Here is a quick sketch I did of my soil sampler modifications that goes with my above text. The red is the existing kit parts for the door and sampler and the green is the box I built for it. The black represents the tread box. As you can see, the bottom green line is halfway between the red door piece and the black of the tread box. This allows the tube to drop down and counterbalance closed and does not "lock" the hatch shut from the inside. The green line on the sampler is the STOP block I added so it stays in the slot. You can see it, sort of, in the blurry picture of the assembly.

Do not use this any reference to construct from as it is not scaled, it is only a clarification reference, do the measurements on your kit to assure a good fit. Hope the helps and does not muddy the waters!


----------



## Chrisisall (May 12, 2011)

Thanks RSN.


----------



## RSN (Jul 29, 2008)

Not sure what happened. I uploaded the wrong graphic, after I deleted it, it would not let me upload the right one in that reply. Here is the correct one with the green STOP ring on the tube.

A pleasure to share!!


----------



## OzyMandias (Dec 29, 2004)

Aside from the programming buttons, the production problems all seem to be below the waist, so to speak.


Those tread section seams are a major pain in the Glute to get rid of. I've had to putty and sand five times and just now got them down to the point of almost invisible without compromising the structural integrity of the parts. 

The locating pins for the inside facing side panels are off kilter. I managed to get one fitting perfectly, but had to cut the locating pins off the other.

Also the 'bumper pins' and sockets to tie the two tread sections together don't line up when the inside panels are correctly placed. You'll have to remove them or cut the pins and reglue them in the proper location once you have the tread sections buttoned up.
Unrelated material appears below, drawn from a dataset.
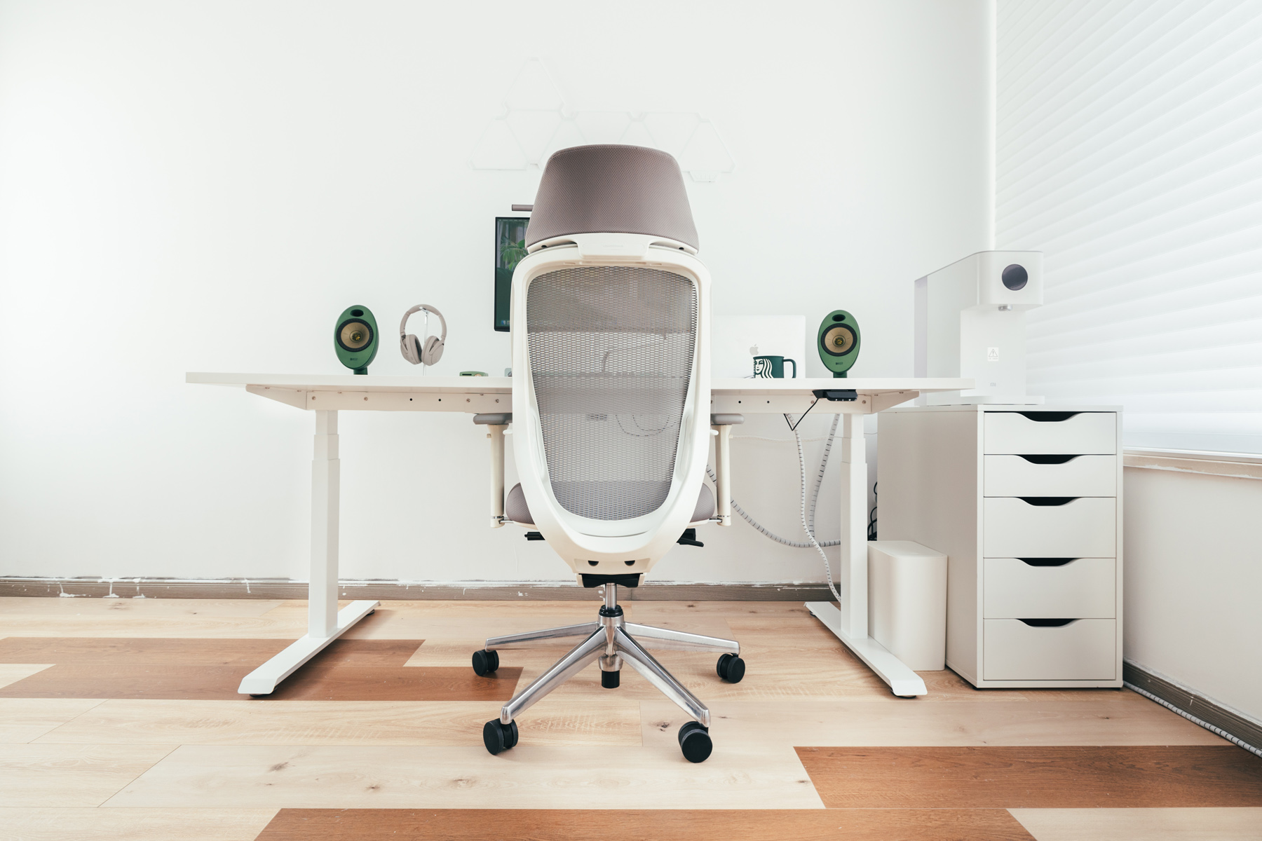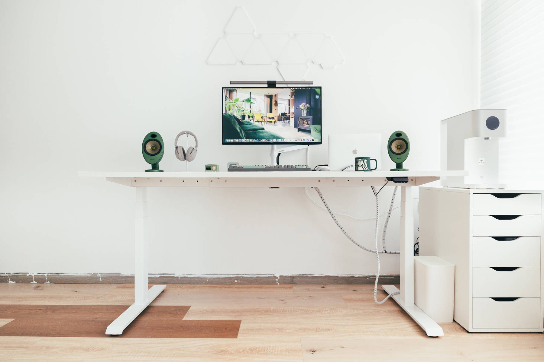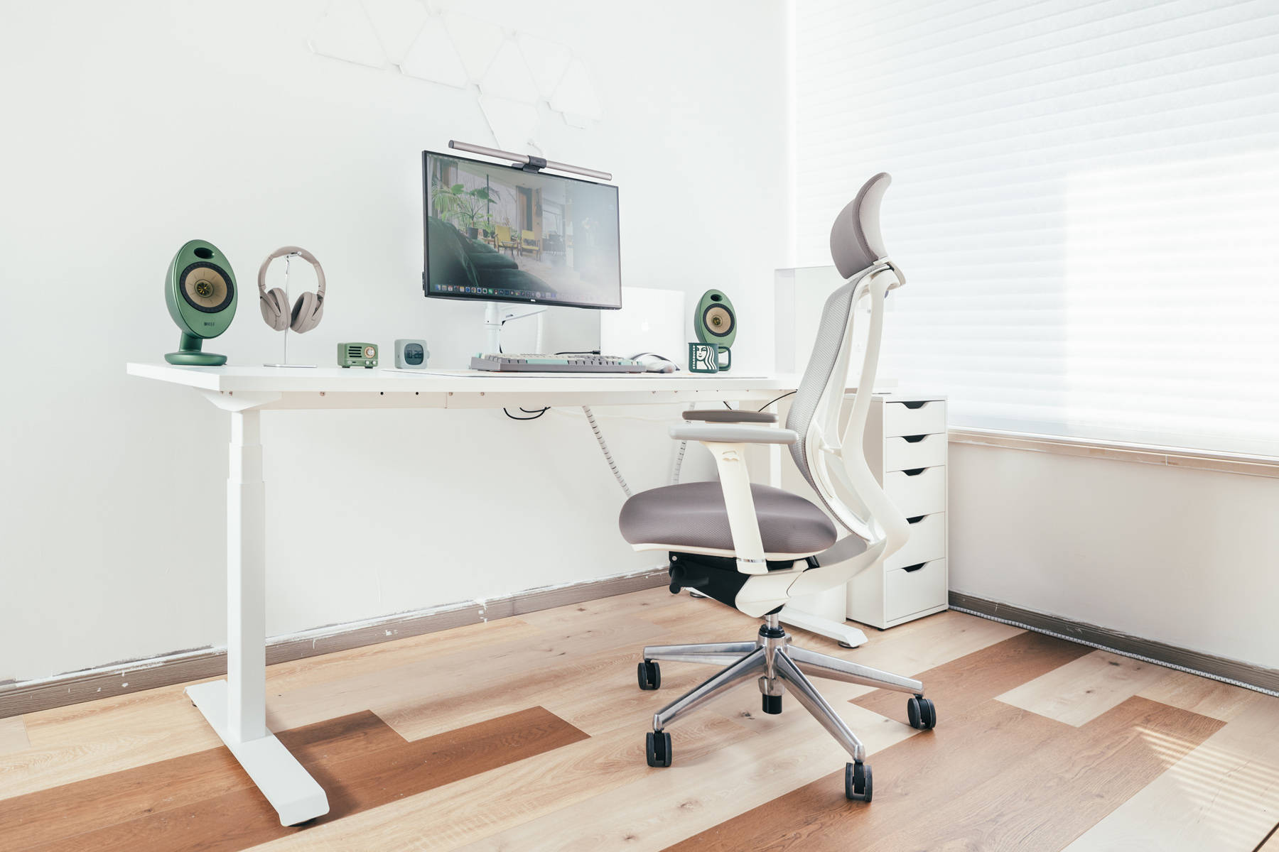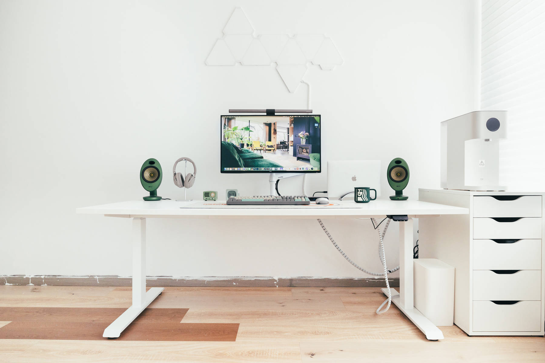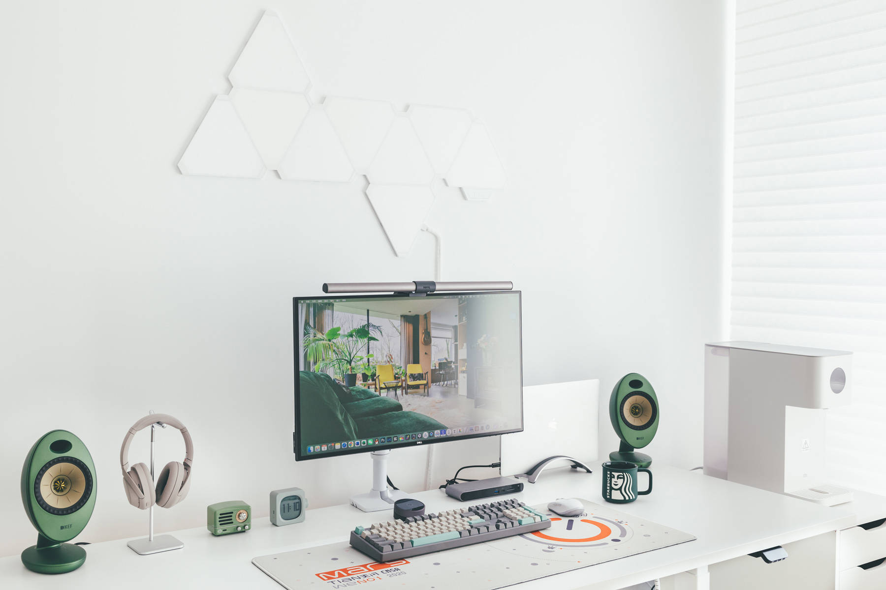 KEF EGG是本次白+绿主题的缘由,当初选择了绿色版本原本是想和绿色版iMac 24寸搭配的。

A guideline for the orientation of the knee bellows would have been tremendously helpful too. I had a lot of trouble getting the knee hinges vertical and knee plates lining up because of the (correctly) irregular shape of the bellows.

The instructions also don't tell you which side of the waist plate is the front. It's the side with the leg bellows alignment that curves in, not the flat side.

The square programming buttons and bubbles is the other big pain to resolve. Nothing really works to remove the shadow caused by the bubbles except replacing them altogether.

I have a feeling that the tread sections were designed in the way they were to:
a) Allow that sprue to be a double up, saving cost.
b) Making provision for removing the molded plastic treads and wheels and replacing them with functional treads.
c) Adding the treads and wheels as separate parts in the kit would have pushed the part count up a lot and cost as well. Customizers won't have any hesitation in diving in with a Dremel and razor saw to eliminate the cast parts.


----------



## Chrisisall (May 12, 2011)

A kit with no issues to attend to is a waste of creative time IMO.


----------



## OzyMandias (Dec 29, 2004)

We have been spoiled by the tremendous advances in design and manufacture of plastic kits today. So long as every company strives to improve their product and minimise problems, we cant ask much more. 

I console myself by remembering what the Robot kit looked like when Aurora released it!


----------



## RSN (Jul 29, 2008)

Took me about an hour to remove the seams on my tread sections. They lined up with no stepping to the seams, they were all even on both sides. Cleaning seams on a model is a common part of the hobby, not really a "problem" to me.


----------



## Chrisisall (May 12, 2011)

OzyMandias said:


> I console myself by remembering what the Robot kit looked like when Aurora released it!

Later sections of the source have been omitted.